The problem: Up to and including the line with "A bareboat rental", write out the listing from its first line, minus the pictures.
--------
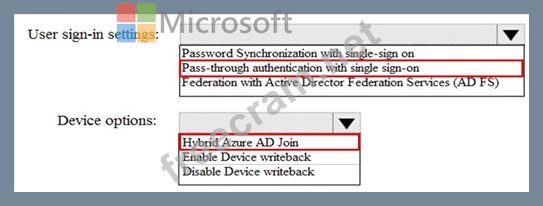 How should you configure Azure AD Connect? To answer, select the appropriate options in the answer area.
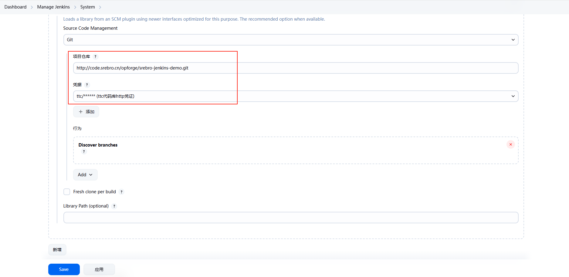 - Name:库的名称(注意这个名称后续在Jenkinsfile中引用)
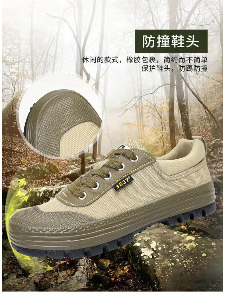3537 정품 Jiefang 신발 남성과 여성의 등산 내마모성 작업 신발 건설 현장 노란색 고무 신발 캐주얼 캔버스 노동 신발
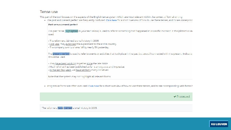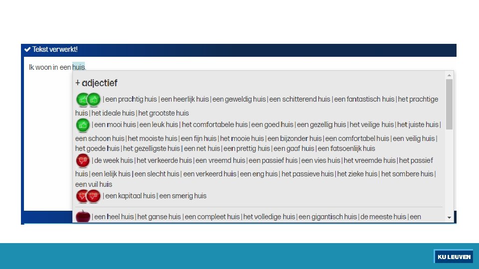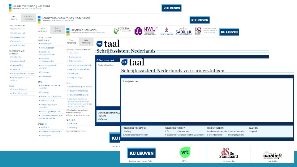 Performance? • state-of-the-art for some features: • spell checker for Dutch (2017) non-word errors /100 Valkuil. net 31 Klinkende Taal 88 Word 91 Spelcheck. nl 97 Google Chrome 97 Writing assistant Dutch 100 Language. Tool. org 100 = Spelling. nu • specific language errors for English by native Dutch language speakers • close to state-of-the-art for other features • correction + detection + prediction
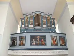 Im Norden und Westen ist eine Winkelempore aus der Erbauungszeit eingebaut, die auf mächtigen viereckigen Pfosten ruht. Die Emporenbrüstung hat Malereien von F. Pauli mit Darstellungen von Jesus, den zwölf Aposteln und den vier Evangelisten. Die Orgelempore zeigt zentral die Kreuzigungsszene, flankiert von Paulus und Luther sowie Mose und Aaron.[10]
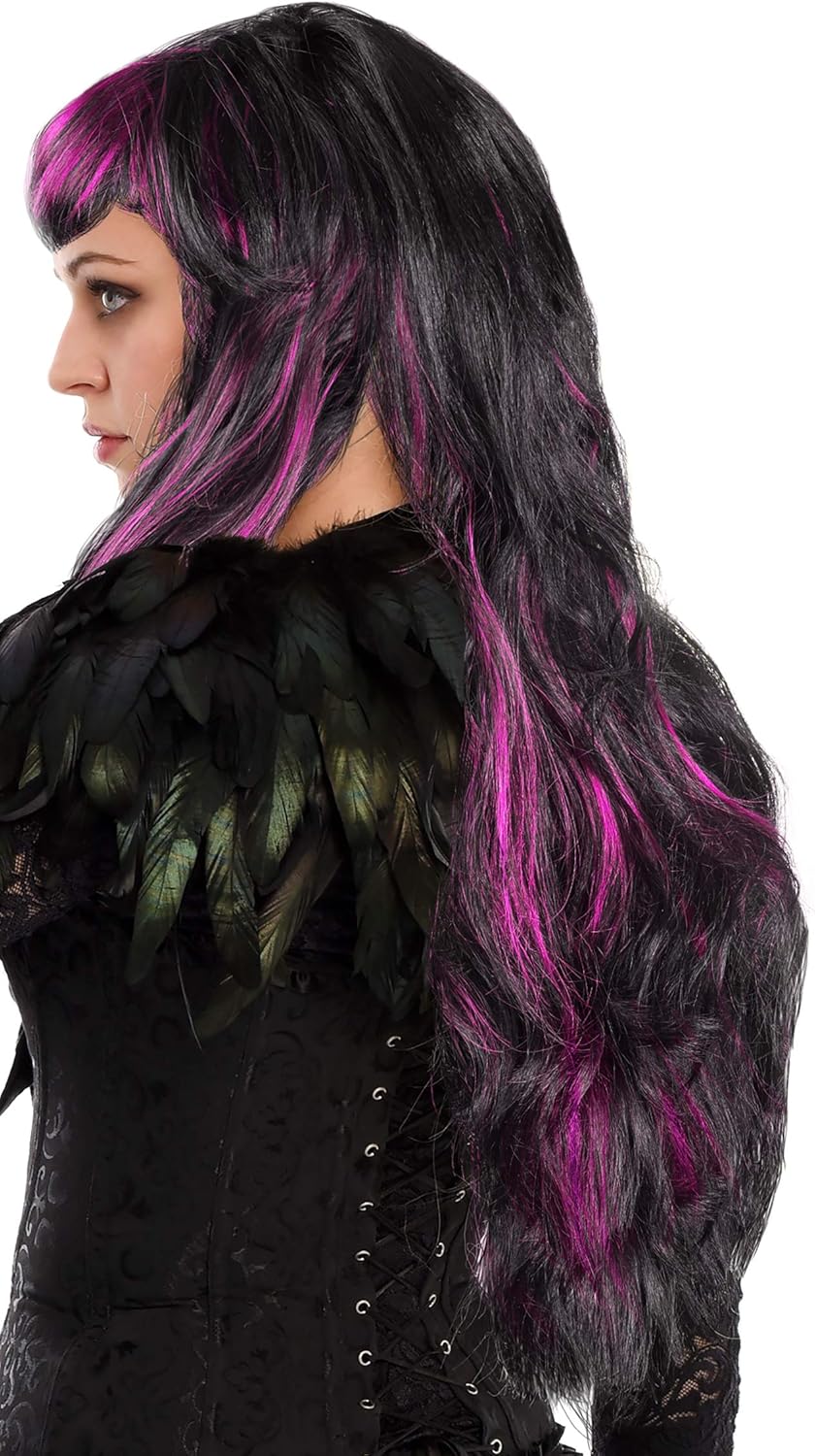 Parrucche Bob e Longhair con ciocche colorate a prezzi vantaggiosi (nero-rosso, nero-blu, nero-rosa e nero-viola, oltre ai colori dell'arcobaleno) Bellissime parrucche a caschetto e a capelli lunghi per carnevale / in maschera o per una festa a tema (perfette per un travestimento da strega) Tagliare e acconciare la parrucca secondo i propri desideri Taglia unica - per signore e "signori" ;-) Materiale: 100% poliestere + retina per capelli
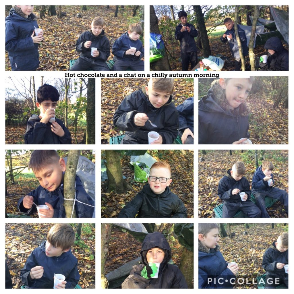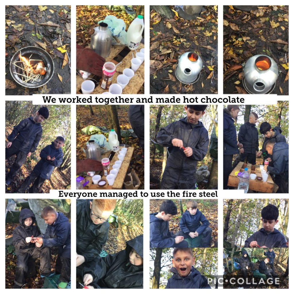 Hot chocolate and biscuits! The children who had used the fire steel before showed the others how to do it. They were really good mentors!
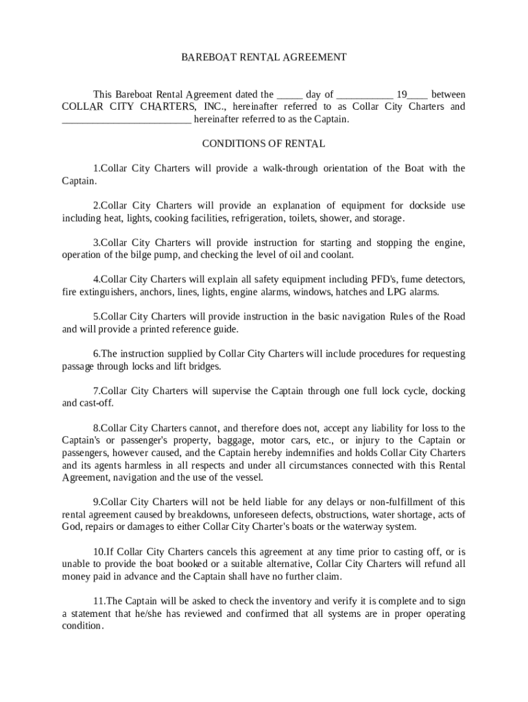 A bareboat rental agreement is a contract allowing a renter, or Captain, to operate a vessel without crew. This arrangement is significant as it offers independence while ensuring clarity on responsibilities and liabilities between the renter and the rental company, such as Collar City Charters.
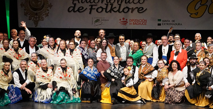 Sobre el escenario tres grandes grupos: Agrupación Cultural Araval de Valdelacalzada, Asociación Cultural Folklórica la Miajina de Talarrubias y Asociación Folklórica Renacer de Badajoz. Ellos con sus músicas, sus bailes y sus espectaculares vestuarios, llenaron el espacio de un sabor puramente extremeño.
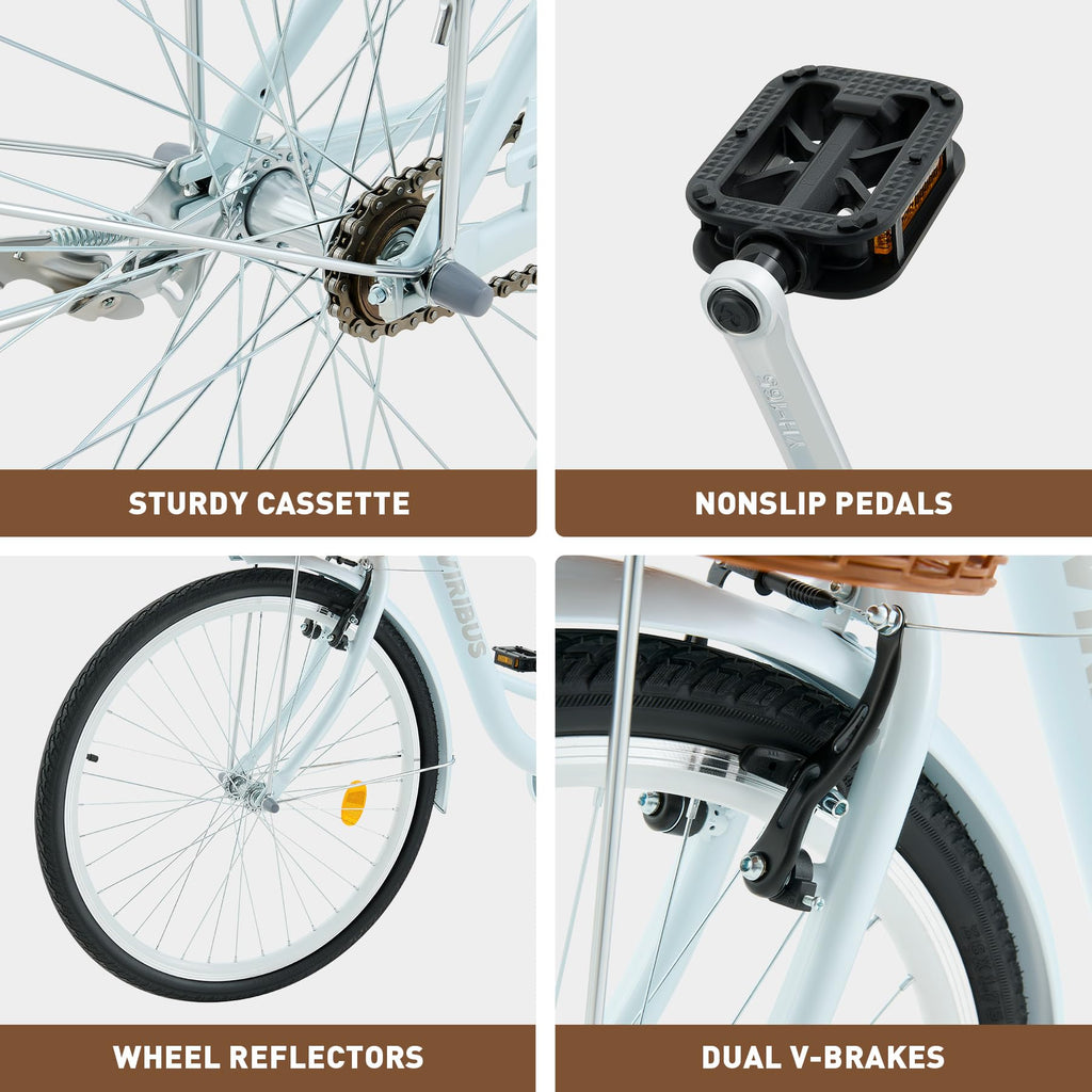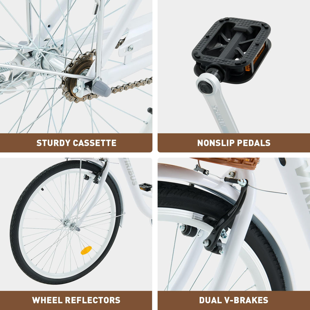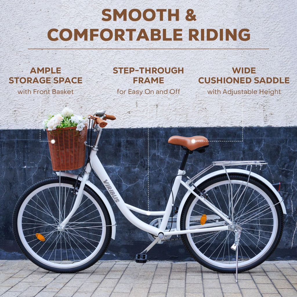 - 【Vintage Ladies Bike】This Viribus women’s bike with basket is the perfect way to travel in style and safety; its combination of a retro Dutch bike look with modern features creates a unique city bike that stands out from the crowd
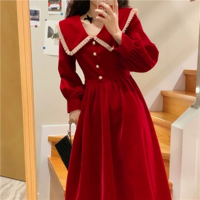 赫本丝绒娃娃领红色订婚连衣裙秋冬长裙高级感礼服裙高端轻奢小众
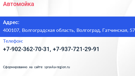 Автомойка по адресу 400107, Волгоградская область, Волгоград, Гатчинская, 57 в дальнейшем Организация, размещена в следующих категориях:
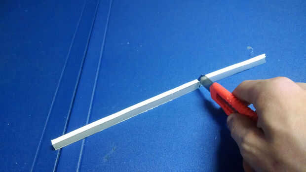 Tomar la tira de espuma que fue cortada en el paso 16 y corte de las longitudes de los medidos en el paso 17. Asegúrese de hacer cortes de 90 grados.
--------
Task output:
 How should you configure Azure AD Connect? To answer, select the appropriate options in the answer area.
 - Name:库的名称(注意这个名称后续在Jenkinsfile中引用)
3537 정품 Jiefang 신발 남성과 여성의 등산 내마모성 작업 신발 건설 현장 노란색 고무 신발 캐주얼 캔버스 노동 신발
 Performance? • state-of-the-art for some features: • spell checker for Dutch (2017) non-word errors /100 Valkuil. net 31 Klinkende Taal 88 Word 91 Spelcheck. nl 97 Google Chrome 97 Writing assistant Dutch 100 Language. Tool. org 100 = Spelling. nu • specific language errors for English by native Dutch language speakers • close to state-of-the-art for other features • correction + detection + prediction
 Im Norden und Westen ist eine Winkelempore aus der Erbauungszeit eingebaut, die auf mächtigen viereckigen Pfosten ruht. Die Emporenbrüstung hat Malereien von F. Pauli mit Darstellungen von Jesus, den zwölf Aposteln und den vier Evangelisten. Die Orgelempore zeigt zentral die Kreuzigungsszene, flankiert von Paulus und Luther sowie Mose und Aaron.[10]
 Parrucche Bob e Longhair con ciocche colorate a prezzi vantaggiosi (nero-rosso, nero-blu, nero-rosa e nero-viola, oltre ai colori dell'arcobaleno) Bellissime parrucche a caschetto e a capelli lunghi per carnevale / in maschera o per una festa a tema (perfette per un travestimento da strega) Tagliare e acconciare la parrucca secondo i propri desideri Taglia unica - per signore e "signori" ;-) Materiale: 100% poliestere + retina per capelli
 Hot chocolate and biscuits! The children who had used the fire steel before showed the others how to do it. They were really good mentors!
 A bareboat rental agreement is a contract allowing a renter, or Captain, to operate a vessel without crew. This arrangement is significant as it offers independence while ensuring clarity on responsibilities and liabilities between the renter and the rental company, such as Collar City Charters.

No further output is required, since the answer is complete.